Movement Breaks and Micro-Stretches
Design and document your personal movement schedule, practice and log the five micro-stretches, and review 30 days of body map data to close the loop.
Exercise: Movement Schedule Design
Design your personalised daily movement schedule based on your actual work calendar. Use your typical meeting-and-focus-time pattern from the past week as the input. The schedule should be specific enough to automate — vague intentions do not become habits.
- What is your primary focus-work window (e.g. 9 am – 12 pm)? Write out the Pomodoro cadence for that window: work blocks, 5-minute break times, and which micro-stretch you will perform at each break.
- List three existing daily anchors (specific recurring events, not general times) you will attach a stand-or-walk behaviour to.
- What break-reminder tool will you use (app, calendar block, watch vibration)? Name the specific tool and note how you will set it up today.
Checklist: Daily Five Micro-Stretches Completion Log
- Chin tuck x10 (every Pomodoro break — approximately every 25-30 min)
- Thoracic extension over chair back x2 (every 2 hours)
- Seated hip flexor stretch 30 sec each side (every 90 minutes)
- Wrist flexor and extensor stretch 20 sec each direction, both sides (every hour)
- Near-far focus shift x5 cycles (every 20 minutes per 20-20-20 rule)
- At least one outdoor or window-view walk break today (minimum 5 min)

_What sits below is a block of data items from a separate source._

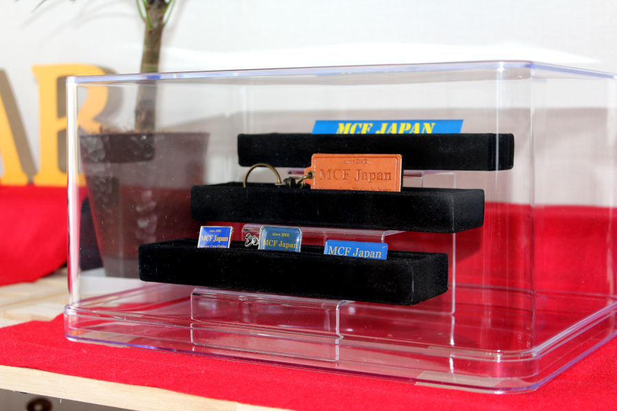フックと同じ方法でMCFオリジナルグッズをディスプレイしてみました。上から順に、スリムステッカー2、キーホルダー、ピンバッジ、ストラップ、ドームシールです。それぞれの詳細はオリジナルグッズのページをご覧ください。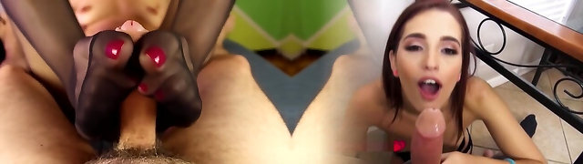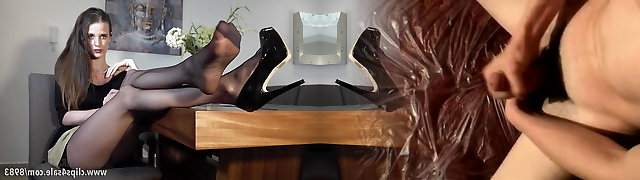 feetjob in schwarzen strümpfen - kräftiges sperma auf sohlen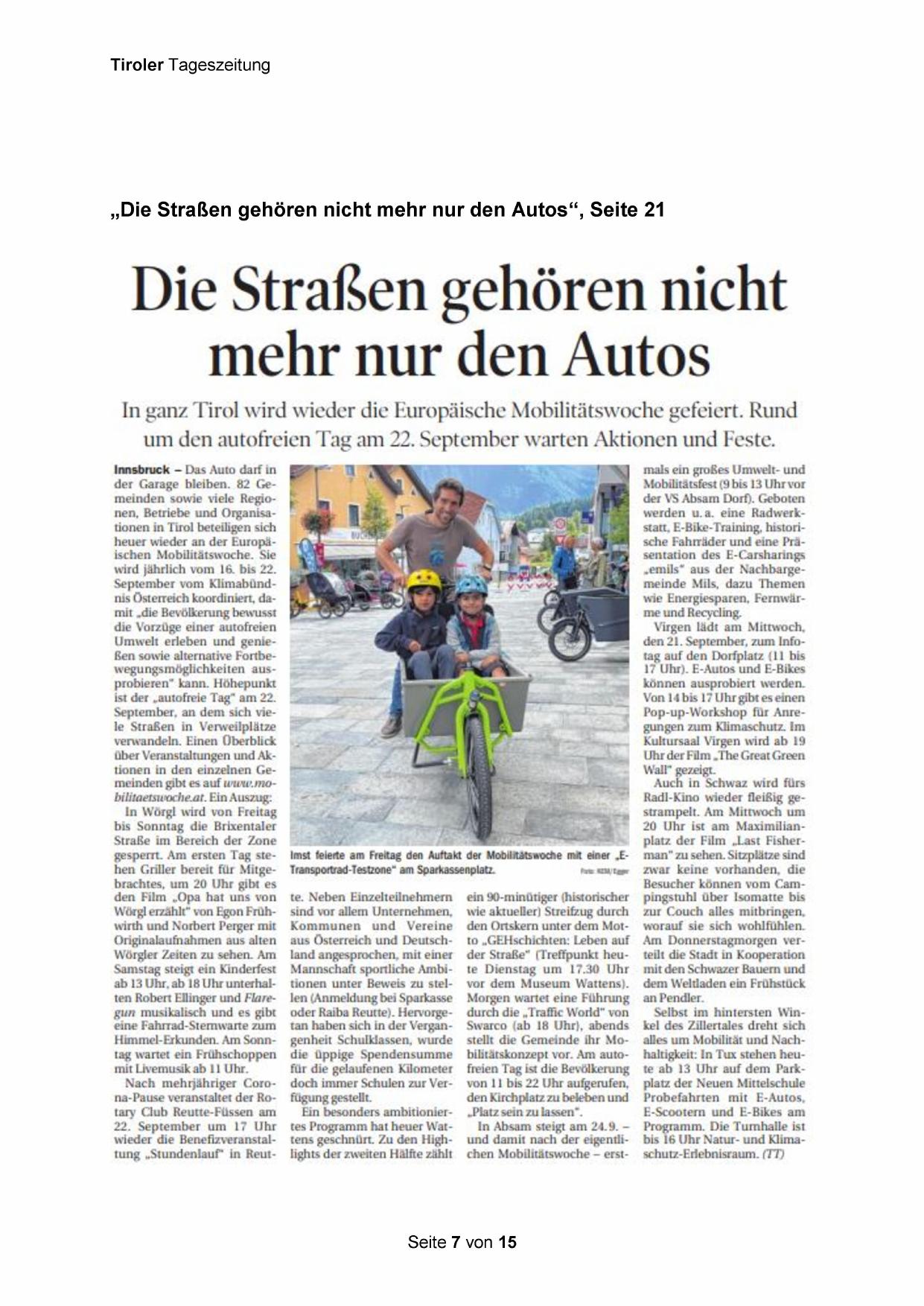 In ganz Tirol wird wieder die Europäische Mobilitätswoche gefeiert. Rund

- At least one standing task block today (call, audio meeting, or reading)
- End-of-day body map score logged in 30-day tracker template
Worksheet: 30-Day Habit and Symptom Review
At the end of week 4, complete this structured review of your 30-day body map log and habit adoption. The goal is to identify which changes drove the most symptom improvement and to flag any site that needs professional attention.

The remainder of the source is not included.